An Antarctic ice shelf that has existed for thousands of years is about to shed a 1,000-foot-thick block of ice that's roughly the size of Delaware.

New satellite images show that an enormous crack or rift in the Larsen C ice shelf has suddenly forked and accelerated toward the Southern Ocean. Scientists can't say exactly when the rift will snap off the block, which makes up about 10% of Larsen C's total area. However, Dan McGrath, a scientist with the US Geological Survey, says it won't be long.

"I would expect it to occur quite rapidly, within days or weeks," McGrath, who researches Larsen C, told Reuters on Thursday.

Adrian Luckman and Martin O'Leary, both scientists with Swansea University in the UK, say the crack lengthened 11 miles from May 25 to May 31, and that less than that — 8 miles of ice — is all that stands between the birth of an enormous iceberg.

"The rift tip appears also to have turned significantly towards the ice front, indicating that the time of calving is probably very close," Luckman and O'Leary wrote on Wednesday in a blog post for the Impact of Melt on Ice Shelf Dynamics and Stability project, or MIDAS. "There appears to be very little to prevent the iceberg from breaking away completely."

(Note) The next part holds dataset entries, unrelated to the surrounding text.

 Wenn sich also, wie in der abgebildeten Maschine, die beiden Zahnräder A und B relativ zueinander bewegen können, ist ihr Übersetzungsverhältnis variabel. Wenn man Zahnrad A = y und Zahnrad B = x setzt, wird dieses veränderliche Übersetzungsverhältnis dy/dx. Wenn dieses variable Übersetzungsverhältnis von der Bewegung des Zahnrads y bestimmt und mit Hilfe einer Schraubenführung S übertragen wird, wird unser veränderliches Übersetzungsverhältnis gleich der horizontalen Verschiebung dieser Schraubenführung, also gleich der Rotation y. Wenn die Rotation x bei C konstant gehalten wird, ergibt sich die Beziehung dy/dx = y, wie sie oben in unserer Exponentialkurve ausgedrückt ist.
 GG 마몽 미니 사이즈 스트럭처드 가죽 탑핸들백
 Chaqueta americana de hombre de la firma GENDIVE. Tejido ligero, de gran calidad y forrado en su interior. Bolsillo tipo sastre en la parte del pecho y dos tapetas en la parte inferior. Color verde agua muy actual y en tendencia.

What's more, Luckman and O'Leary say, the larger swath of the Larsen C ice shelf that sits behind the soon-to-calve iceberg "will be less stable than it was prior to the rift" and may rapidly disintegrate like a neighboring ice shelf did in 2002. Such an event could quickly raise sea levels by several inches.

The scientists' latest update came one day before President Donald Trump announced his intention to withdraw the US from the Paris Agreement on climate change.

A growing rift

larsen c ice shelf diagram antarctica

Larsen C ice is the leading edge of one of the world's largest glacier systems. A single large crack in the ice shelf has grown in spurts since 2010, lengthening to about 120 miles.

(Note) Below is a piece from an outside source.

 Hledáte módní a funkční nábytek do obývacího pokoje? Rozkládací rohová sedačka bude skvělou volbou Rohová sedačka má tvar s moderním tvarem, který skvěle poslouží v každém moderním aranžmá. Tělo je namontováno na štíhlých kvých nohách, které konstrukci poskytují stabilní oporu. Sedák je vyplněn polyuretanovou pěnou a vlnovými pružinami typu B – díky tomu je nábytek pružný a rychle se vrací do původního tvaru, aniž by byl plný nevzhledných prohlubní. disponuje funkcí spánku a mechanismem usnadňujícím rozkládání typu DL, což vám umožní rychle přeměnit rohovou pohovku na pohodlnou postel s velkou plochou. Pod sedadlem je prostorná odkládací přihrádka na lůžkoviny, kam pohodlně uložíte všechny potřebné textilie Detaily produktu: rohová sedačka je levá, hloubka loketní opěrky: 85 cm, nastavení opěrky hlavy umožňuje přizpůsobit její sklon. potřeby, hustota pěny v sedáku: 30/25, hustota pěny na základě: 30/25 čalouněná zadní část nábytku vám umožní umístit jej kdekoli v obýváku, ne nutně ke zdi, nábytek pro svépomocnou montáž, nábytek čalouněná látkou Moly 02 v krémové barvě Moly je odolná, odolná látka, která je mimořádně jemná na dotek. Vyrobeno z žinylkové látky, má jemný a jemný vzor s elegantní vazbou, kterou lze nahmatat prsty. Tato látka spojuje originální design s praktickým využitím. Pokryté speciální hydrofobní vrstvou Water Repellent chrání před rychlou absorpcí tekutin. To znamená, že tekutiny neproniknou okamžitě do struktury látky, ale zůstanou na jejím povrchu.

But sometime between January 1 and May 1, the crack forked in two directions. One fork continued traveling parallel to the Southern Ocean, while the other turned northward toward the water.

That 6-mile fork has increased by another 11 miles, leaving precious little ice holding back a catastrophic calving event.

"When it calves, the Larsen C ice shelf will lose more than 10% of its area to leave the ice front at its most retreated position ever recorded," Luckman and O'Leary wrote in a blog post on May 1. They say that the slab's breaking off "will fundamentally change the landscape of the Antarctic Peninsula."

The Larsen C ice shelf is located off of Antarctica's prominent peninsula and is called a shelf because it floats on the ocean. It's normal for ice shelves to calve big icebergs as snow accumulation pushes old glacier ice out to sea.

However, the size of the pending Larsen C iceberg and the speed at which it has developed has alarmed some researchers, who suggest that the consequences of it splitting off could be huge.

An iceberg for the record books

antarctica larsen c ice shelf rift nov 2016 john sonntag nasa gsfcThe piece of floating ice in question is colossal. It's at least 1,100 feet thick at the edge — it thickens inland — and roughly 2,000 square miles. It's destabilizing quickly, a process accelerated by human-caused climate change.

Previous satellite images suggest that the crack in Larsen C opened around 2010 and had lengthened by dozens of miles by June 2016. In November, a team of scientists in NASA's Operation IceBridge survey flew over the rift and confirmed it was at least 80 miles long and 300 feet wide.

Then in January, MIDAS revealed that the entire block of ice had just 12 miles of unfractured ice. Luckman began sounding the alarms.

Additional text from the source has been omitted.